Segundo a promotora Anita Bethânia Rocha, em relação à primeira ação sobre serviços de contabilidade, foi apurado que, em maio de 2016, que ex-prefeito contratou uma empresa para a prestação de serviços de assessoria e consultoria contábil e financeira para a Prefeitura Municipal de Santa Rita por inexigibilidade de licitação, embora fora das hipóteses legalmente permitidas e deixando de observar as respectivas formalidades legais previstas.

Na segunda ação, a segunda ação é referente à contratação de escritório de advocacia. De acordo com o documento, o então procurador-geral do Município informou que o motivo da celebração do pacto com a sociedade de advogados, por meio da inexigibilidade de licitação, se dava em razão da prestação de serviço singular, sendo ademais o preço compatível com o mercado.

O ex-prefeito Severino Alves Barbosa, conhecido como Netinho, informou que já apresentou defesa nos processos e garantiu que está tranquilo com relação a isso. Ele disse que nas duas situações as contratações estariam dentro da legalidade, pois as duas empresas têm “notoriedade” na prestação de serviços, e esse é um dos pontos que permite a inexigibilidade de licitação.

“As contratações foram feitas para um serviço específico. A do escritório de advocacia, por exemplo, foi para resgate de royalties do petróleo, a empresa já tinha uma atuação comprovada nessa área”, disse Netinho. “Reconheço o trabalho do Ministério Público, mas estou tranquilo.
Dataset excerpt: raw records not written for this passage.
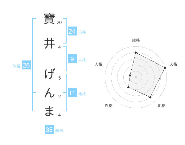 寶井 げんまさんを姓名の画数から五運を鑑定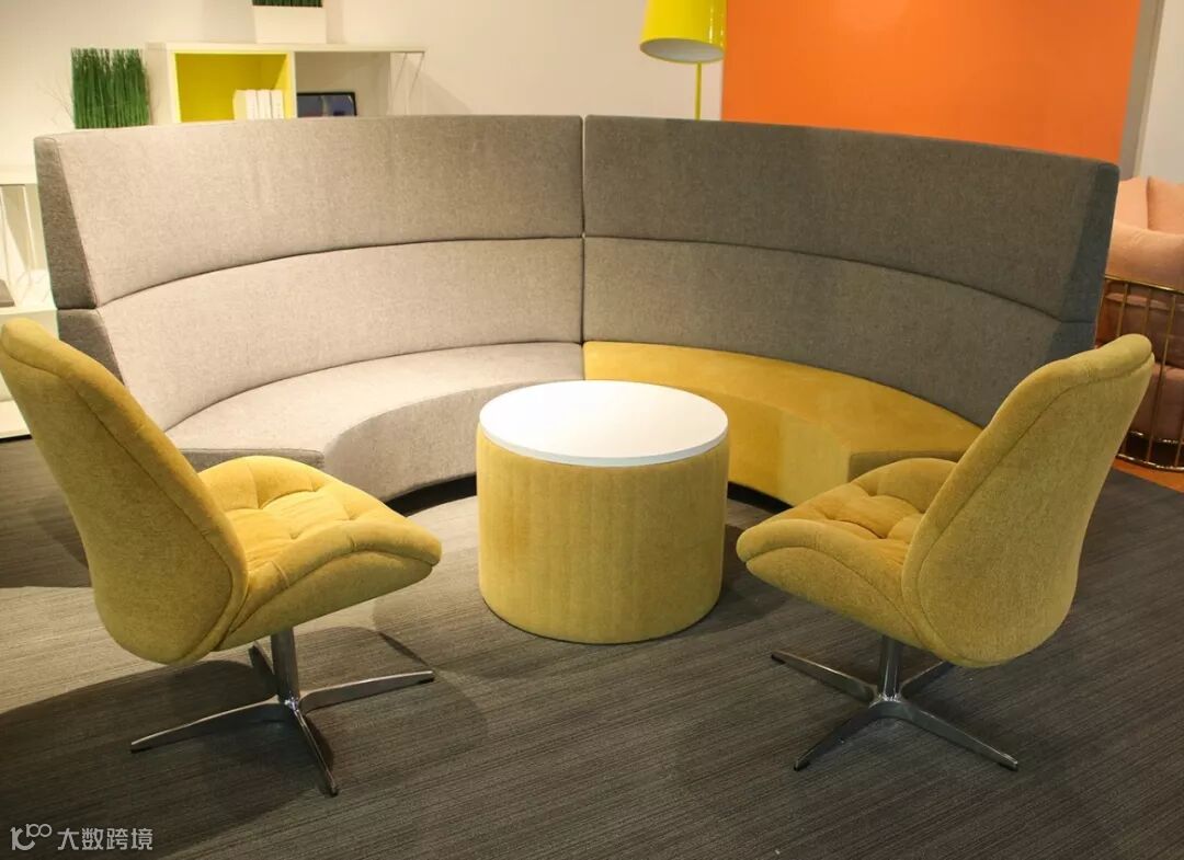 弧形沙发一般以围合的方式摆放,很容易营造出热闹、欢乐的氛围。尤其是塑造不对称空间或角落空间时,它能瞬间展现出时尚感。优雅的弧线造型打破了沙发一定要靠墙的传统,更有人情味。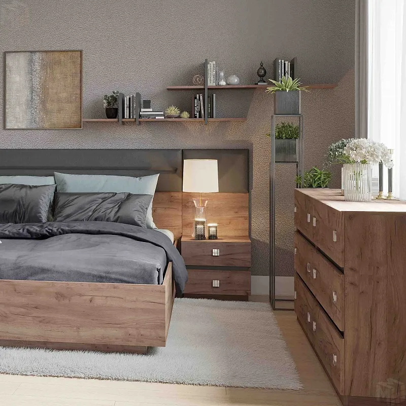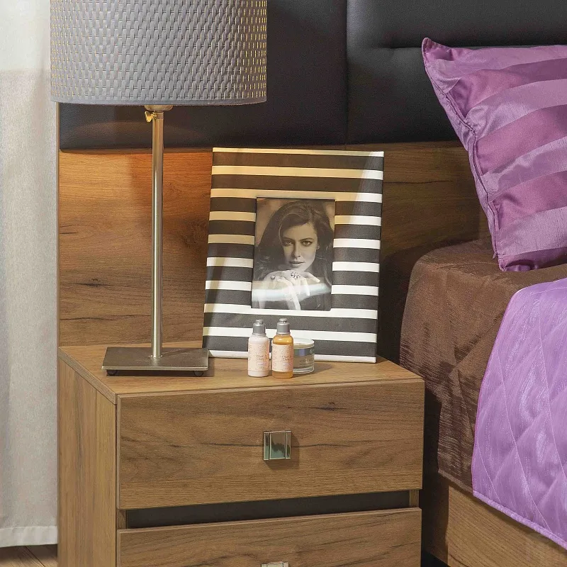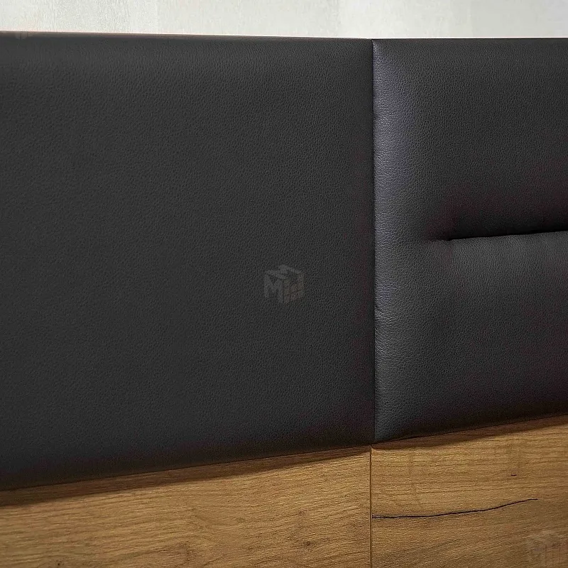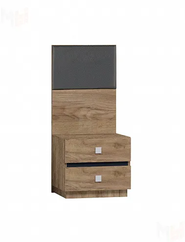 Прикроватная тумба NEO 41 с двумя выдвижными ящиками и высокой мягкой спинкой – красивый и функциональный модуль. Изюминка тумбы - комбинированная задняя стенка, возвышающаяся над столешницей: ее нижняя часть из ЛДСП, а верхняя с подушечкой из экокожи черного цвета. Когда тумба приставлена к кровати, тогда она составляет единую композицию с изголовьем. Дополняют тумбу интересные ручки на ящиках: в обычном состоянии - это плоские прямоугольные кнопки, а при необходимости выдвинуть ящик средняя часть приподнимается кончиками пальцев.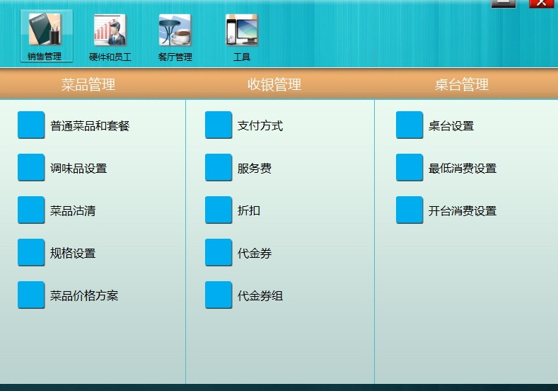 1、kiosk系统图片及开单服务费等设置,进入 收银后台 —— 工具 —— 自助点餐机设置

Os escritórios têm notoriedade e exclusividade na prestação do serviço para o qual foram contratados.

O MP pede nas duas ações a indisponibilidade dos bens dos acionados, a condenação ao ressarcimento integral do dano; perda dos bens ou valores acrescidos ilicitamente ao patrimônio; perda da função pública; suspensão dos direitos políticos de cinco a oito anos, pagamento de multa civil de até duas vezes o valor do dano e proibição de contratar com o Poder público ou receber benefícios ou incentivos fiscais ou creditícios, pelo prazo de cinco anos. Também pede a imposição de multa à empresa no valor de 0,1% a 20% do faturamento bruto do último exercício anterior ao da instauração do processo administrativo.